Collected material:

───

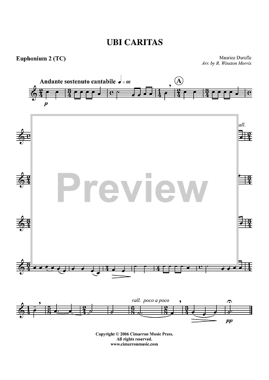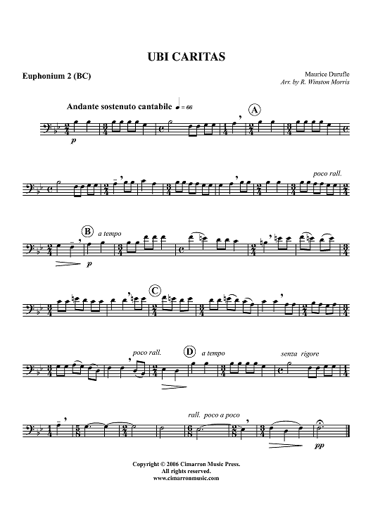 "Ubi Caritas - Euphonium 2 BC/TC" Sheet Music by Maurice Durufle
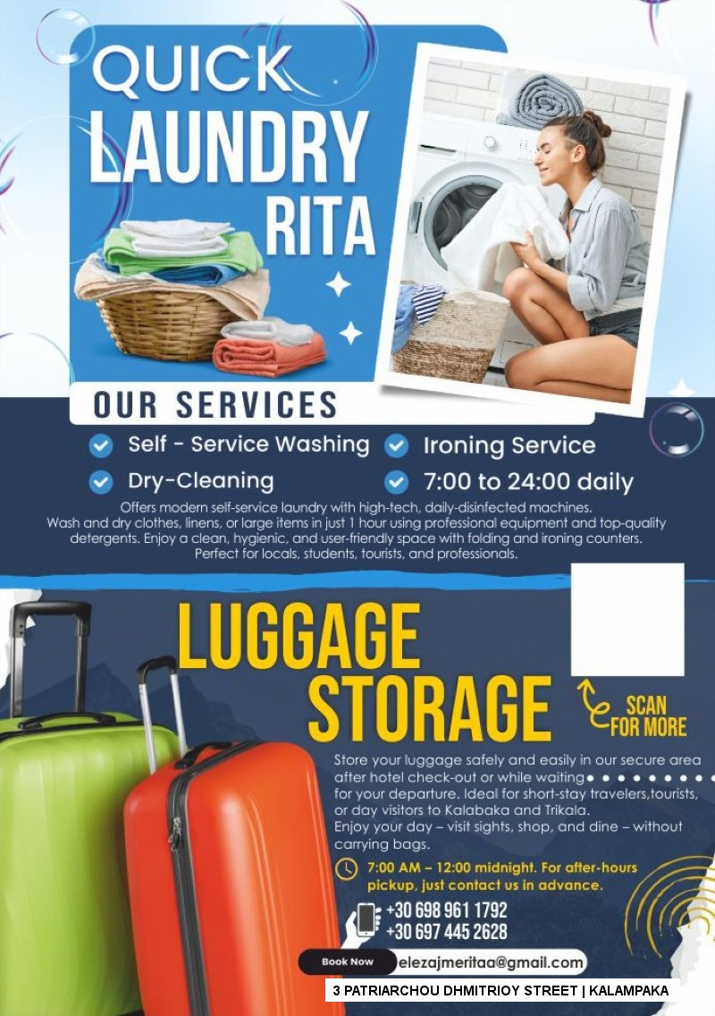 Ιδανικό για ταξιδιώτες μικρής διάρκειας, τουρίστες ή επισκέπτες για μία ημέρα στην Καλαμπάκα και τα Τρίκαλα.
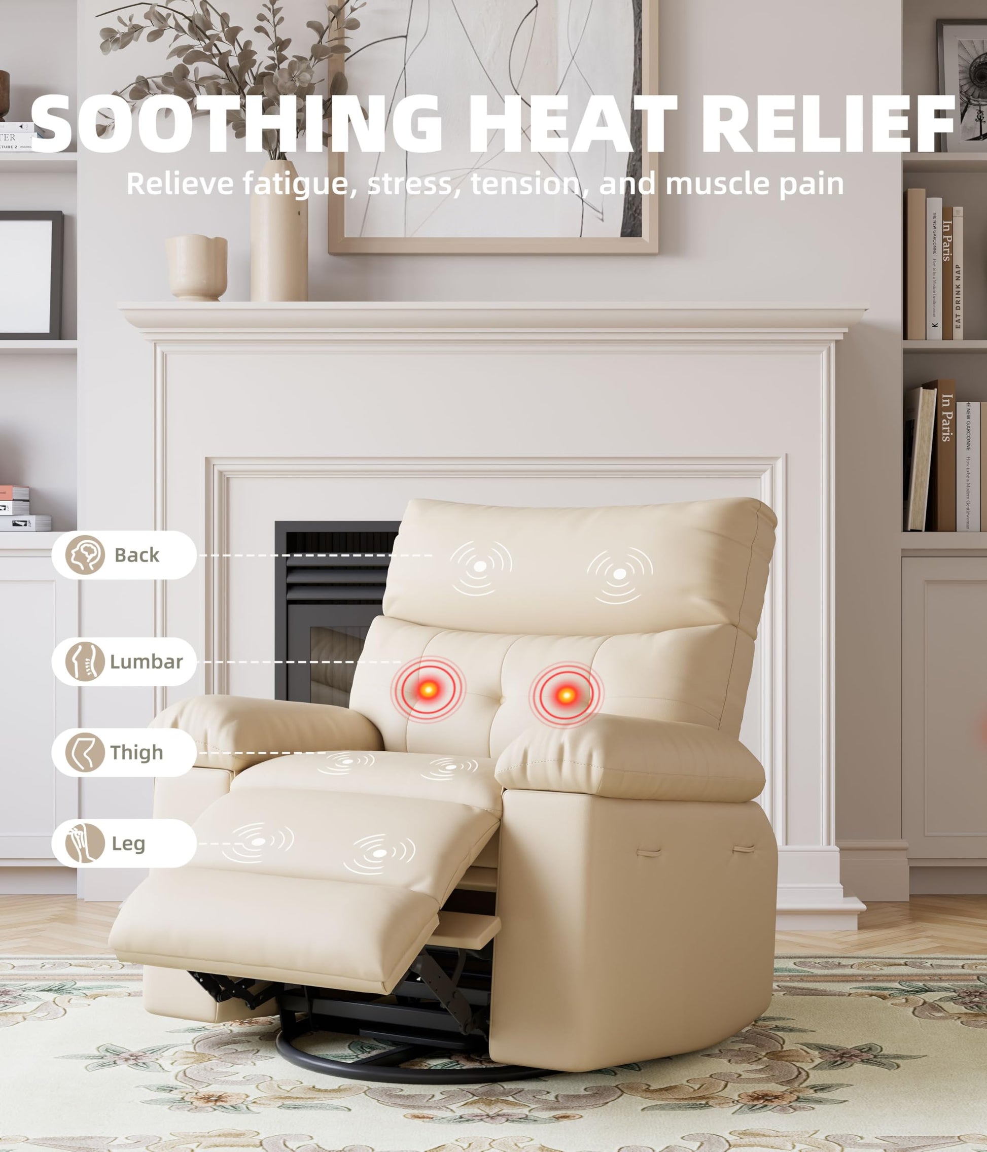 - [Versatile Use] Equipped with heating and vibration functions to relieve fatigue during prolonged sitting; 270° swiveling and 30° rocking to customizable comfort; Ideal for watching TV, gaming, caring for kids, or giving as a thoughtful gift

───

What is expected: Transcribe the whole listing, character for character, but not its images.

Written response:
 "Ubi Caritas - Euphonium 2 BC/TC" Sheet Music by Maurice Durufle
 Ιδανικό για ταξιδιώτες μικρής διάρκειας, τουρίστες ή επισκέπτες για μία ημέρα στην Καλαμπάκα και τα Τρίκαλα.
 - [Versatile Use] Equipped with heating and vibration functions to relieve fatigue during prolonged sitting; 270° swiveling and 30° rocking to customizable comfort; Ideal for watching TV, gaming, caring for kids, or giving as a thoughtful gift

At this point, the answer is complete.